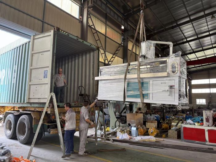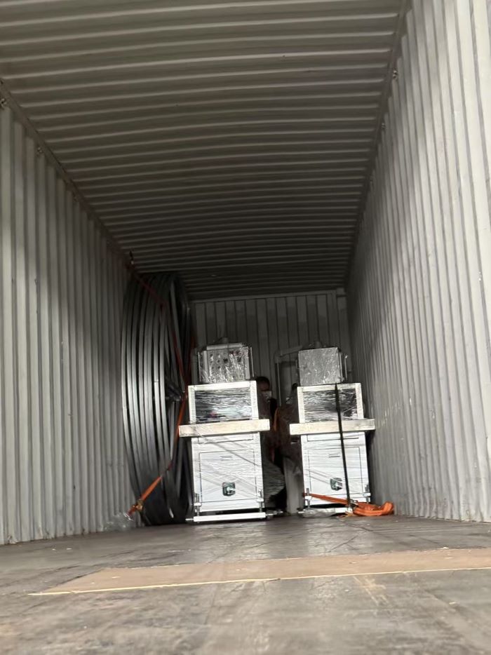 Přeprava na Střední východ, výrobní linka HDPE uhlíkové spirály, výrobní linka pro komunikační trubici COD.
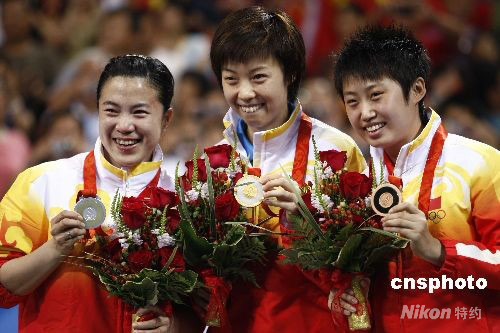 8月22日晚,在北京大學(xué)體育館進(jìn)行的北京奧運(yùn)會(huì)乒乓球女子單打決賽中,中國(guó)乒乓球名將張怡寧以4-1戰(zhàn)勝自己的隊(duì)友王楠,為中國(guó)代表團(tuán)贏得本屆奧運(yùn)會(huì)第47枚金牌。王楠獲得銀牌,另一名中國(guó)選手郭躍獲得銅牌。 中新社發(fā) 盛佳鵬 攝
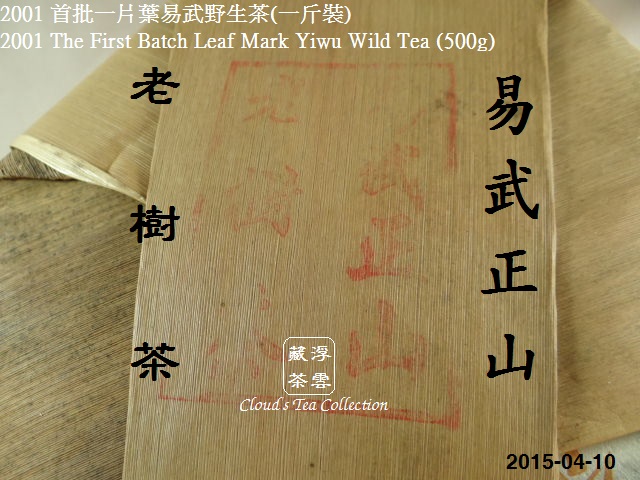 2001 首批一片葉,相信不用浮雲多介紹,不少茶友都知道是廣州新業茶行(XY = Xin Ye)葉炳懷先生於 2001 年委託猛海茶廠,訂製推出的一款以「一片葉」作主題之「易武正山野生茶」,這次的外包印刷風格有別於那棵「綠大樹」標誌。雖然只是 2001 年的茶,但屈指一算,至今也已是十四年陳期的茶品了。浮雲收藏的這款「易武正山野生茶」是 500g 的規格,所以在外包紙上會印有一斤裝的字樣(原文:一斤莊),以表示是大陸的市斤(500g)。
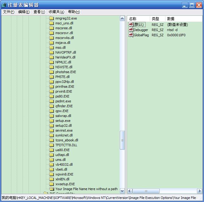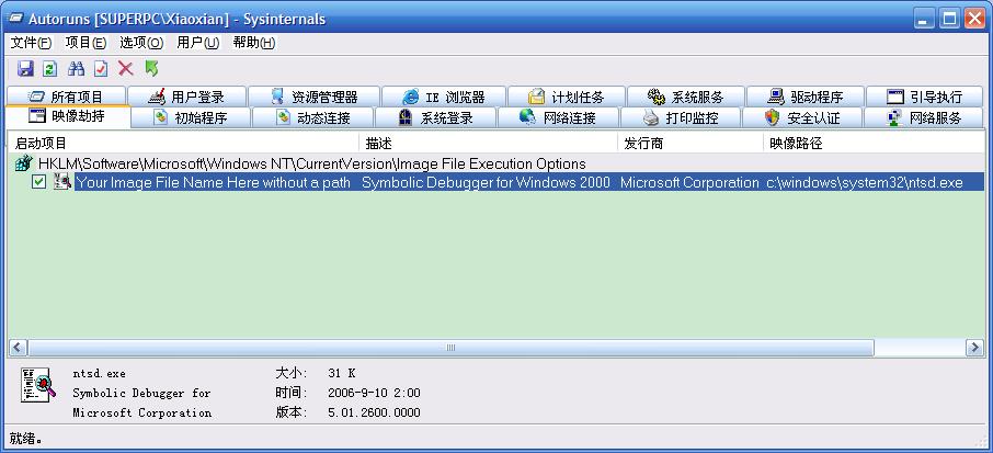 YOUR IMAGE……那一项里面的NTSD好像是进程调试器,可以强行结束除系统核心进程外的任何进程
___
■ **TASK GOAL**
From the first line to the last, please copy the data exactly, with the pictures left out.

■ **EXERCISE OUTPUT**
 Přeprava na Střední východ, výrobní linka HDPE uhlíkové spirály, výrobní linka pro komunikační trubici COD.
 8月22日晚,在北京大學(xué)體育館進(jìn)行的北京奧運(yùn)會(huì)乒乓球女子單打決賽中,中國(guó)乒乓球名將張怡寧以4-1戰(zhàn)勝自己的隊(duì)友王楠,為中國(guó)代表團(tuán)贏得本屆奧運(yùn)會(huì)第47枚金牌。王楠獲得銀牌,另一名中國(guó)選手郭躍獲得銅牌。 中新社發(fā) 盛佳鵬 攝
 2001 首批一片葉,相信不用浮雲多介紹,不少茶友都知道是廣州新業茶行(XY = Xin Ye)葉炳懷先生於 2001 年委託猛海茶廠,訂製推出的一款以「一片葉」作主題之「易武正山野生茶」,這次的外包印刷風格有別於那棵「綠大樹」標誌。雖然只是 2001 年的茶,但屈指一算,至今也已是十四年陳期的茶品了。浮雲收藏的這款「易武正山野生茶」是 500g 的規格,所以在外包紙上會印有一斤裝的字樣(原文:一斤莊),以表示是大陸的市斤(500g)。
 YOUR IMAGE……那一项里面的NTSD好像是进程调试器,可以强行结束除系统核心进程外的任何进程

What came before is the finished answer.